The answers to most questions lie in history. Winston Churchill once said he could look farther into the future because he looked farther into the past.
An example of the sad condition of today's literary world can be found in this post by Blake Butler at
www.htmlgiant.com/feature/the-myth-of-the-human-wrt-david-foster-wallaces-mister-squishy/
The essay speaks for itself. I posted a pair of quick responses to bring a contrary viewpoint to the gushathon over Blake's post. I shouldn't have had to say anything. The essay speaks for itself. It's not even an essay-- it's a dissertation. A miscarriage. Dead-on-arrival. Butler writes as if he's pursuing a Phd. A hurricane of words, a mass of poorly written sentences, and at the center of them: nothing.
We've come along way from classic American essayists like Vidal, Baldwin, Mailer, and company, haven't we?
I love it. If the entire intellectual literary community is stopped at an orange-sign roadblock with emergency lights flashing, without the sense to turn around, it leaves open roads which will take the writer to actual destinations.
Who has winning ideas?

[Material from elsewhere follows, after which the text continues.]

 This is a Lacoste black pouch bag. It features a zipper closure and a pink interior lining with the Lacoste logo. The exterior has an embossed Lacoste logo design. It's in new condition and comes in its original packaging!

Which ideas, which writings, will prevail?
There was a flurry of interest last century when a jar was found in the desert in Egypt containing the so-called gnostic gospels-- counter narratives to the four accepted versions of the story of Jesus. Had they been suppressed? If so, why? Politics, surely! I believed this myself. That is, until I started reading the counternarratives. What I found were insular, nonsensical, clearly inferior writings.
The four accepted gospels became popular. They lasted because they contained compelling writing about a real, unique personality moving and speaking in a recognizable landscape. When all is said and done, they're great, moving stories, written simply and with clarity, with simple but effective dialogue. Two thousand years later, the narratives still live and breathe.

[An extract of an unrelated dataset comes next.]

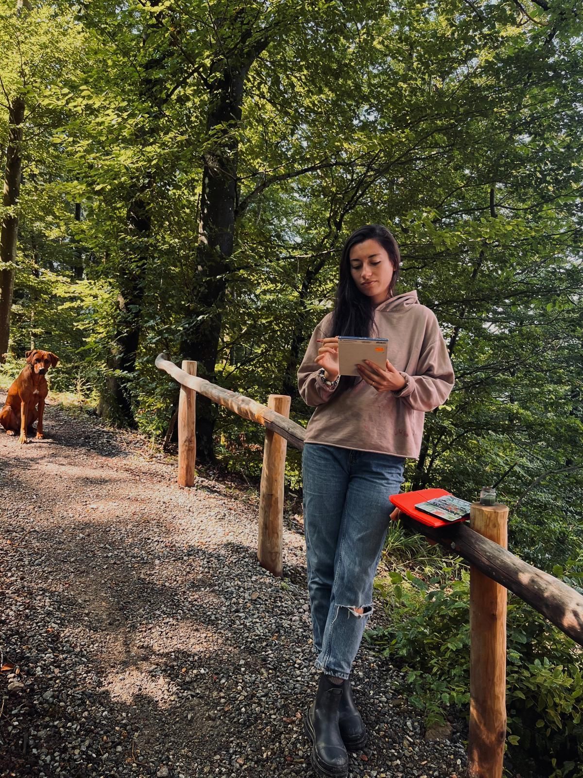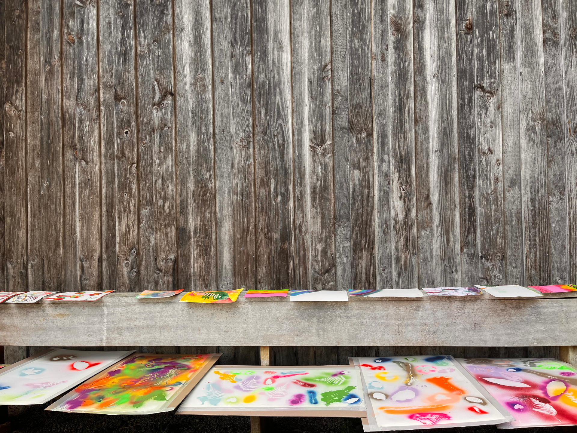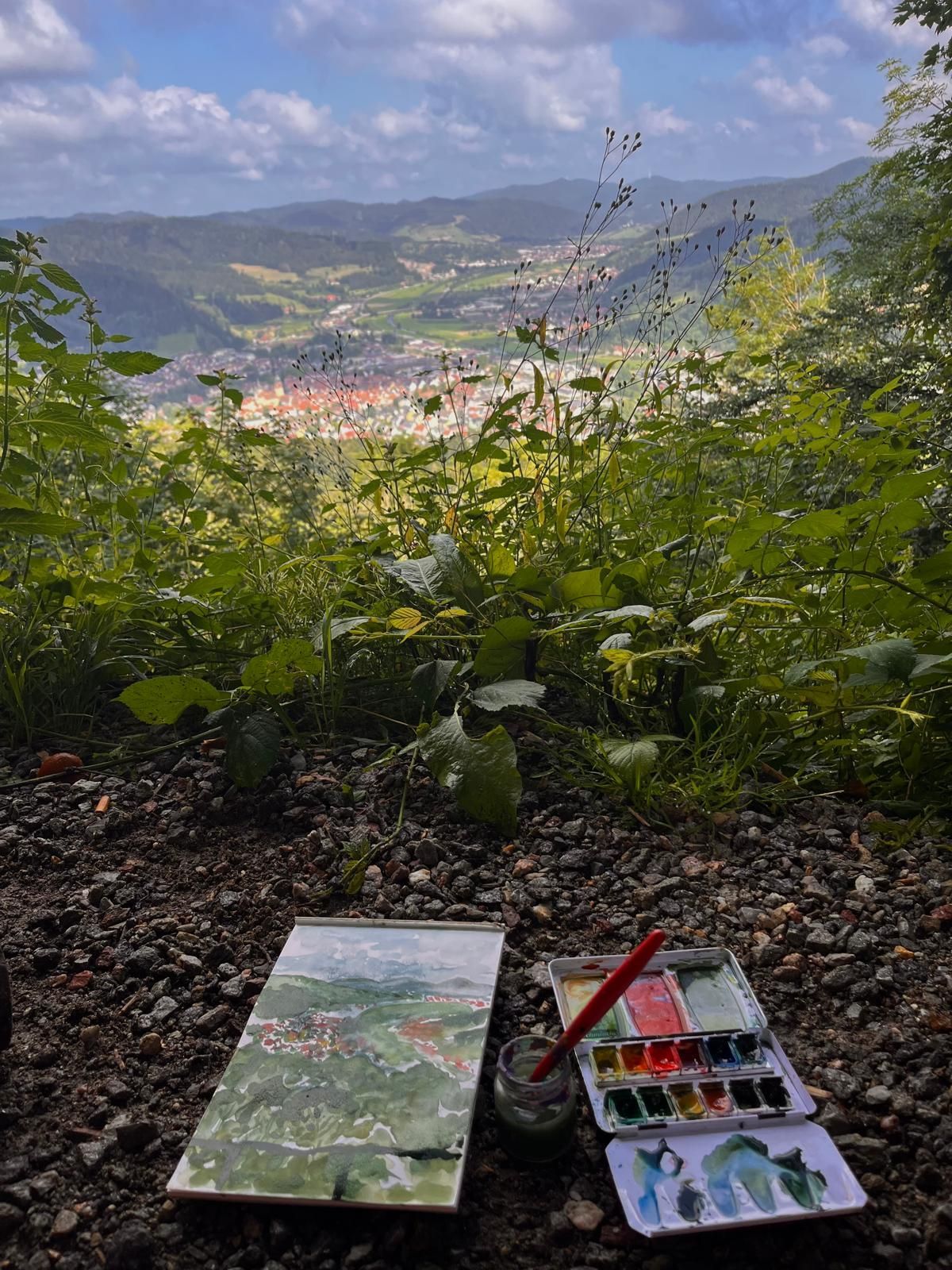 zu viert sind wir Vormittags zur Sandhaasenhütte gewandert (ca. 1h), dann die wunderbare Aussicht genossen & uns ca. 2,5h malerisch ausgelebt. Über Bilder von Landschaften, Fauna und Flora bis phantastischen Kraftbildern war alles dabei. Nicht ergebnisorientiert sondern prozessorientiert. Es zählt nur, wie man sich während dem Kreativ sein fühlt.

The gnostic gospels, on the other hand, are dead artifacts, and were always dead to the world in that they were written for small and narrowly focused communities withdrawing from the world, while their more orthodox brethren were confronting it. Elaine Pagels' book on the gnostic gospels explains this well. Some early Christians were populists who believed their message was for the world; for everybody. Others constructed barriers of nonsense, the Eleusinan Mysteries, making it difficult if not impossible for readers to comprehend what they were saying-- which was the whole idea. Strip away the verbiage and you see they weren't saying anything. They were less-- not more--rooted in humanity and reality.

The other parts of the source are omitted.